DATA SHOWN —
══════
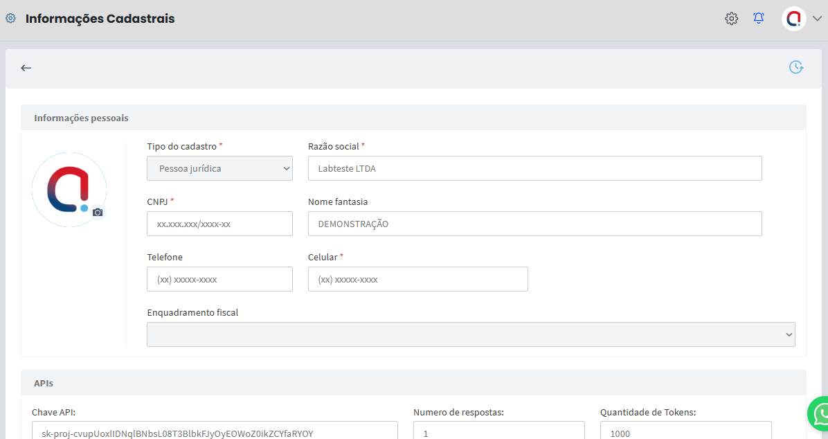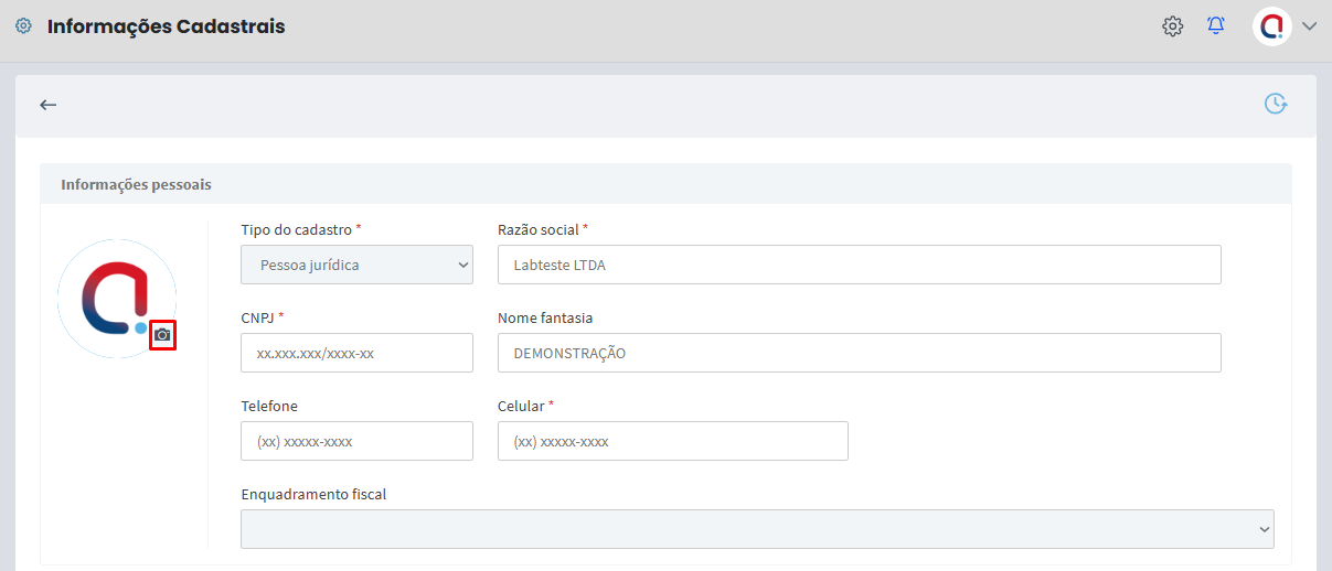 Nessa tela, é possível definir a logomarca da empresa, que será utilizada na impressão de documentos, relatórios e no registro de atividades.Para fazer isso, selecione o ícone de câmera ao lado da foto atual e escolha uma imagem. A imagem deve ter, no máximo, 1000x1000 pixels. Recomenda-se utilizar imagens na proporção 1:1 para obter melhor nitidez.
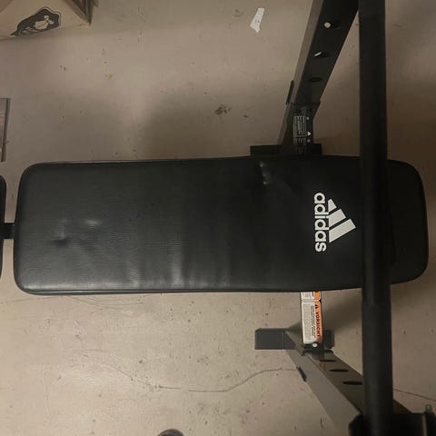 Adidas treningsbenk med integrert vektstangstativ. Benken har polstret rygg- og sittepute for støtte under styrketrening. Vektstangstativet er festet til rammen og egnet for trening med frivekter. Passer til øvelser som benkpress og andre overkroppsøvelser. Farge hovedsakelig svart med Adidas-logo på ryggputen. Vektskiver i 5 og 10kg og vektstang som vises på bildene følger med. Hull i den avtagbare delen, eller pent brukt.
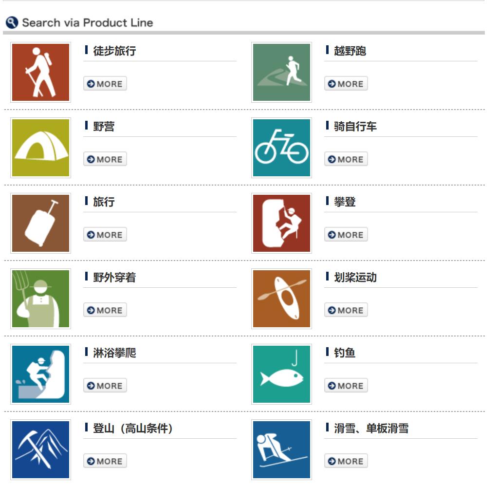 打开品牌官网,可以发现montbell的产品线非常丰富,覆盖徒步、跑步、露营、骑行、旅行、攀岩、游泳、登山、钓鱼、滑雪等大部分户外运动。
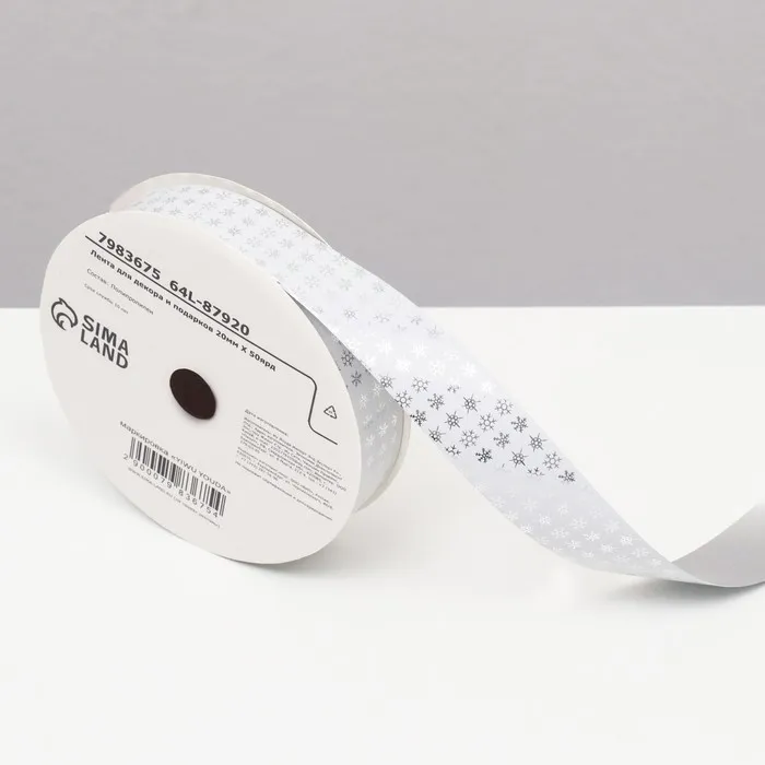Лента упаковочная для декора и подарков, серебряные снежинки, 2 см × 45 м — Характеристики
══════
WORK TO BE COMPLETED — Your answer must be an exact copy of the lines from the one with "打开品牌官网,可以发现mon" through the final line of the data, both included, without any pictures.

WRITTEN RESPONSE —
 打开品牌官网,可以发现montbell的产品线非常丰富,覆盖徒步、跑步、露营、骑行、旅行、攀岩、游泳、登山、钓鱼、滑雪等大部分户外运动。
Лента упаковочная для декора и подарков, серебряные снежинки, 2 см × 45 м — Характеристики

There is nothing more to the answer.